SUPPLIED RECORDS:
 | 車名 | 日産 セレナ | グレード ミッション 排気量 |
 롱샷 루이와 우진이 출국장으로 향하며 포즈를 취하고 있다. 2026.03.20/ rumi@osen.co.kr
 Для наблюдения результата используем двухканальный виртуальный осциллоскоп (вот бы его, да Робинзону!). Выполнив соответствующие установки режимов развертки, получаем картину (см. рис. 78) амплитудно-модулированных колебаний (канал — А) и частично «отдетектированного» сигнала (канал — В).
==
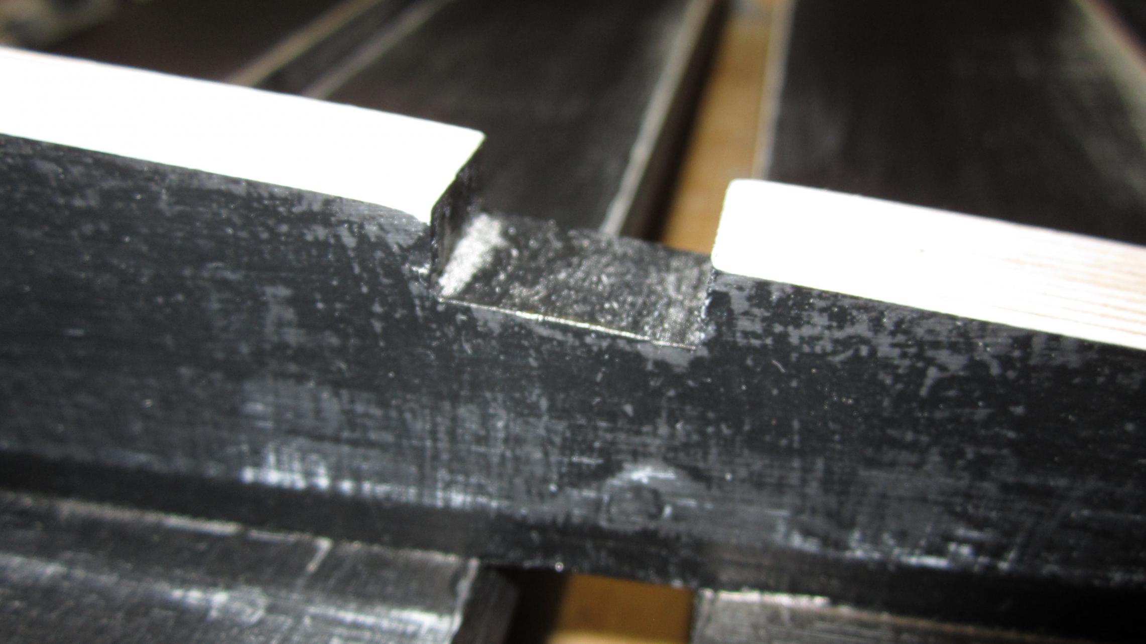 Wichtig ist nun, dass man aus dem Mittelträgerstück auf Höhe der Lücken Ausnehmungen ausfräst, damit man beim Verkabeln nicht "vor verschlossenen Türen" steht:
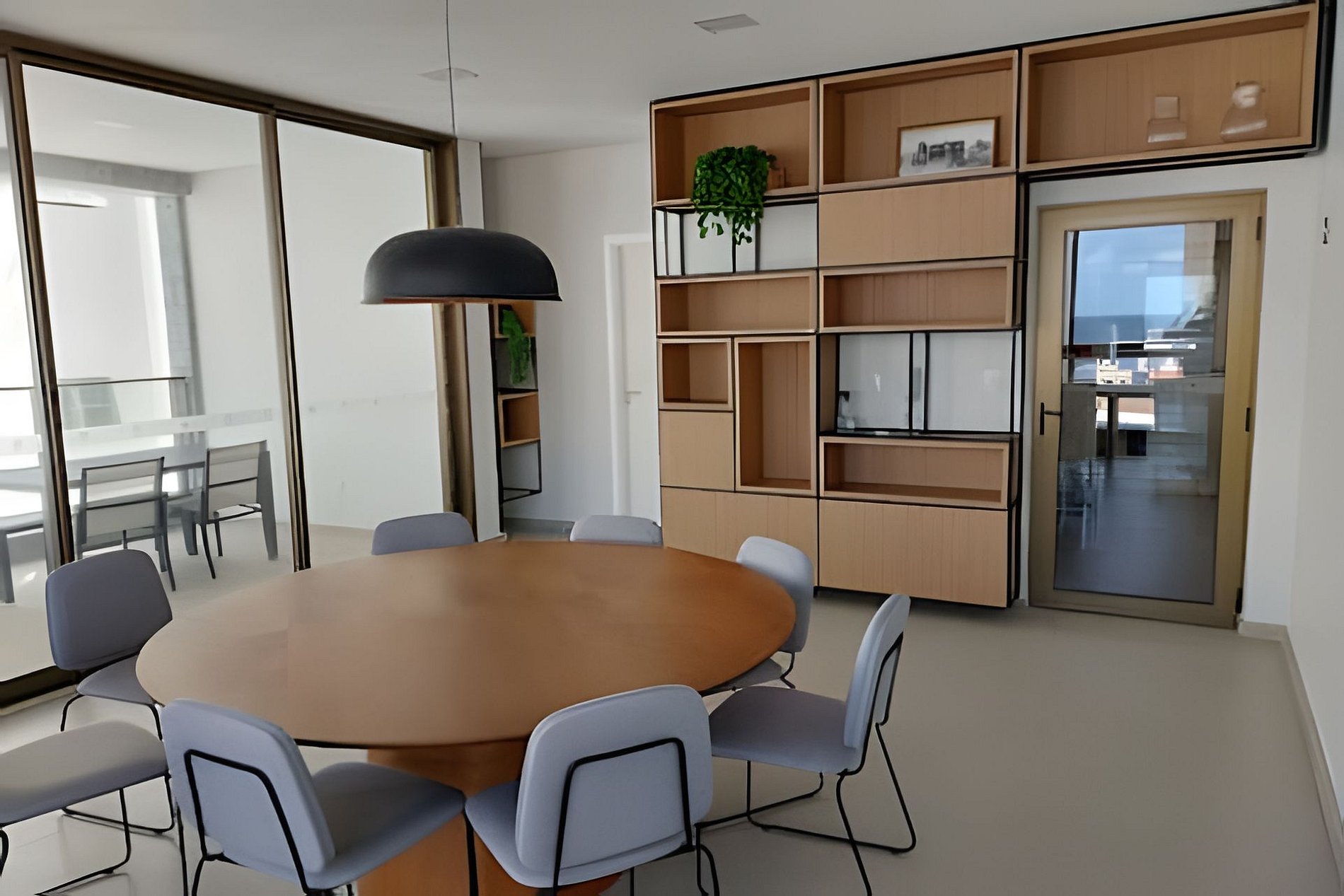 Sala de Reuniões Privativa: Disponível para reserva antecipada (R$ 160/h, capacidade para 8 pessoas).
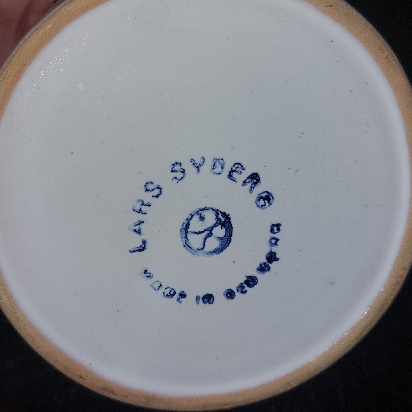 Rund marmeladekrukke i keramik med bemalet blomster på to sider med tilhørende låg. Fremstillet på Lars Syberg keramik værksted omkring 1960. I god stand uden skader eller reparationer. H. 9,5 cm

WORK INSTRUCTIONS: Without the pictures, set down the lines above from the line with "Sala de Reuniões" up to and including the line with "Rund marmeladekrukke i" exactly as they stand.

COMPLETED EXERCISE:
 Sala de Reuniões Privativa: Disponível para reserva antecipada (R$ 160/h, capacidade para 8 pessoas).
 Rund marmeladekrukke i keramik med bemalet blomster på to sider med tilhørende låg. Fremstillet på Lars Syberg keramik værksted omkring 1960. I god stand uden skader eller reparationer. H. 9,5 cm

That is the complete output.